Response: The Company respectfully advises the Staff that the PPACA contains the requirement that nearly all legal U.S. residents obtain health insurance. The Congressional Budget Office (“CBO”) Director’s testimony before the U.S. House of Representatives on March 30, 2011, submitted under separate cover, cites CBO estimates that the PPACA will increase the number of non-elderly Americans with health insurance by approximately 32 million in 2016 and approximately 34 million in 2021. Thus, the PPACA is expected to drive consumers to purchase affordable health insurance. The testimony also explains that the administrative costs involved in operating and managing health insurance plans will be higher for plans offered through the health insurance exchanges than they will be for those offered by large employers, principally because administering plans (including handling enrollment and the payment of premiums) for many individual policyholders is more expensive than administering them for a single employer. As a consequence, the testimony concludes that such administrative cost advantages for employers will encourage employees to continue seeking the cheaper, employment-based coverage, which, in turn, will encourage employers to keep offering such coverage. Thus, the PPACA is expected to drive employers to offer affordable insurance. In addition, according to the Employee Benefit Research Institute report, dated February 6, 2014, submitted under separate cover, “a growing number of employers are offering workers a high-deductible health plan with a savings account option.” Thus, the Company submits that, based on the foregoing third-party sources, (1) the PPACA is expected to drive employers to offer, and consumers to purchase, affordable insurance, and (2) already a growing number of employers are offering HSAs. Accordingly, the Company believes that the PPACA will cause HSA growth to accelerate.

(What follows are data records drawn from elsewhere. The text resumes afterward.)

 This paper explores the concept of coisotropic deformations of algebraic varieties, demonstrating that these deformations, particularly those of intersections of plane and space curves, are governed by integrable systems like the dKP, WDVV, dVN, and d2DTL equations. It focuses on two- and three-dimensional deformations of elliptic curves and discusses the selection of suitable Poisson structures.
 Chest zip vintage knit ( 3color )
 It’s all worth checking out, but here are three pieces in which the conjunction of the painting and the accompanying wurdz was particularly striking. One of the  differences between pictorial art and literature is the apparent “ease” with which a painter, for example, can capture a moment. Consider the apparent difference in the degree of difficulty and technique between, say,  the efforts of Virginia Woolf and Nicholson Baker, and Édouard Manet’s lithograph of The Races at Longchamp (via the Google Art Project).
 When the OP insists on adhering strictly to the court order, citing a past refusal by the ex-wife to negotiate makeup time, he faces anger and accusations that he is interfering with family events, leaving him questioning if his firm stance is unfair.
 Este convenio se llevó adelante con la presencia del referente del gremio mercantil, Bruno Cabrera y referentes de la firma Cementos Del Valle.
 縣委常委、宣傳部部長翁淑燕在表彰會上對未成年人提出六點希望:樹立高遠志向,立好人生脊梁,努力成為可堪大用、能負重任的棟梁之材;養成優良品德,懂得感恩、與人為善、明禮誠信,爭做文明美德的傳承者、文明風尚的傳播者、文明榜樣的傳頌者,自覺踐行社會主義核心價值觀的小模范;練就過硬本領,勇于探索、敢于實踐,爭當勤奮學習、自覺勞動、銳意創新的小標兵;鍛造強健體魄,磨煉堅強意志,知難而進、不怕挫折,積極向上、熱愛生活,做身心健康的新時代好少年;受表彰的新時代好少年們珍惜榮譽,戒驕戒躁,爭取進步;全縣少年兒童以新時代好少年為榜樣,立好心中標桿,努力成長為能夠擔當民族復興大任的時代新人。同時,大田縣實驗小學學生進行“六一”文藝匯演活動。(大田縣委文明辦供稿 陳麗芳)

The Amended Registration Statement has been further revised on pages 3 and 81 to provide additional detail relating to the provisions in the PPACA that drive employers to offer, and consumers to purchase, affordable insurance, as well as on page 21 to provide related risk factor disclosure.


Ms. Mara L. Ransom

U.S. Securities & Exchange Commission

May 9, 2014

 

The Offering, page 12

 

10. Comment: We note that Berkley Capital Investors, L.P. currently hold 37.3% of your outstanding shares, and that each of Frank T. Medici and Thomas H. Ghegan, your directors, can be deemed to beneficially own such shares. Please disclose, here or elsewhere in the Prospectus Summary, the ownership percentages of such shareholders following the offering, as well as, if applicable, please confirm if you plan to rely on the “controlled company” exemptions provided under the rules of the New York Stock Exchange or the Nasdaq Stock Market, as applicable. Please also add appropriate risk factor disclosure regarding your status as a controlled company, if applicable. Please also briefly describe the history of Berkley’s involvement in your business.

Response: In response to the Staff’s comment, the disclosure in the Prospectus Summary on page 10 of the Amended Registration Statement has been revised.

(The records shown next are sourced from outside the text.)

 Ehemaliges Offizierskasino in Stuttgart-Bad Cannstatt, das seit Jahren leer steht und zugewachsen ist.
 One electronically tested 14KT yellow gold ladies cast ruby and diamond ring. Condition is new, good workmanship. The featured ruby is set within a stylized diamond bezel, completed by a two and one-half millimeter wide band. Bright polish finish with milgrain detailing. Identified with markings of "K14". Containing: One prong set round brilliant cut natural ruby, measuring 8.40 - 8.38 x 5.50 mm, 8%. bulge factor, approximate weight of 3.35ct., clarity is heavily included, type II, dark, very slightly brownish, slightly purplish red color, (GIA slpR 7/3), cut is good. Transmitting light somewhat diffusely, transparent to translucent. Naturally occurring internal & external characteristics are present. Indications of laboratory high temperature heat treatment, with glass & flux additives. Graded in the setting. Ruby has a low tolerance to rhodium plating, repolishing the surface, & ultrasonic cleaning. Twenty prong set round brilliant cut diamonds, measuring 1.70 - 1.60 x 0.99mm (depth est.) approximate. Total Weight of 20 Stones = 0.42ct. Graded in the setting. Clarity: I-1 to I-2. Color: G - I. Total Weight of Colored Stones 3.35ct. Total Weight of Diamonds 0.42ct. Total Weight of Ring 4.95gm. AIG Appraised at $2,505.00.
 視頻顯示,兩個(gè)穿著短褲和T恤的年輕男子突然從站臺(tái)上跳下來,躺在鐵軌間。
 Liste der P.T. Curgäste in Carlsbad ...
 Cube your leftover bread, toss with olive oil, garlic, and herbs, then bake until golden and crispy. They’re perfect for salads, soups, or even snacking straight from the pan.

The Company respectfully advises the Staff that no one individual, group or company holds more than 50% of the voting power for the election of directors of the Company. Accordingly, the Company may not rely on the “controlled company” exemptions provided under the rules of the New York Stock Exchange or the Nasdaq Stock Market.

The Company respectfully further advises the Staff that Berkley’s initial involvement with the Company began in 2006 when Berkley invested in the Company by acquiring shares of the Company’s series C redeemable convertible preferred stock pursuant to a securities purchase agreement, dated October 5, 2006. Subsequent to this initial investment, Berkley further invested in the Company through its purchase of shares of the Company’s series D-1 redeemable convertible preferred stock in October 2008, the Company’s series D-2 redeemable convertible preferred stock in December 2008, the Company’s series D-3 redeemable convertible preferred stock in August 2011, and warrants to acquire shares of the Company’s common stock.

Risk Factors, page 17

 

11. Comment: Please delete the third sentence of the introductory paragraph of this section, as well as the reference to “additional risks and uncertainties not presently known to us or that we currently believe to be immaterial.” All material risks should be described in your disclosure. If risks are not deemed material, you should not reference them.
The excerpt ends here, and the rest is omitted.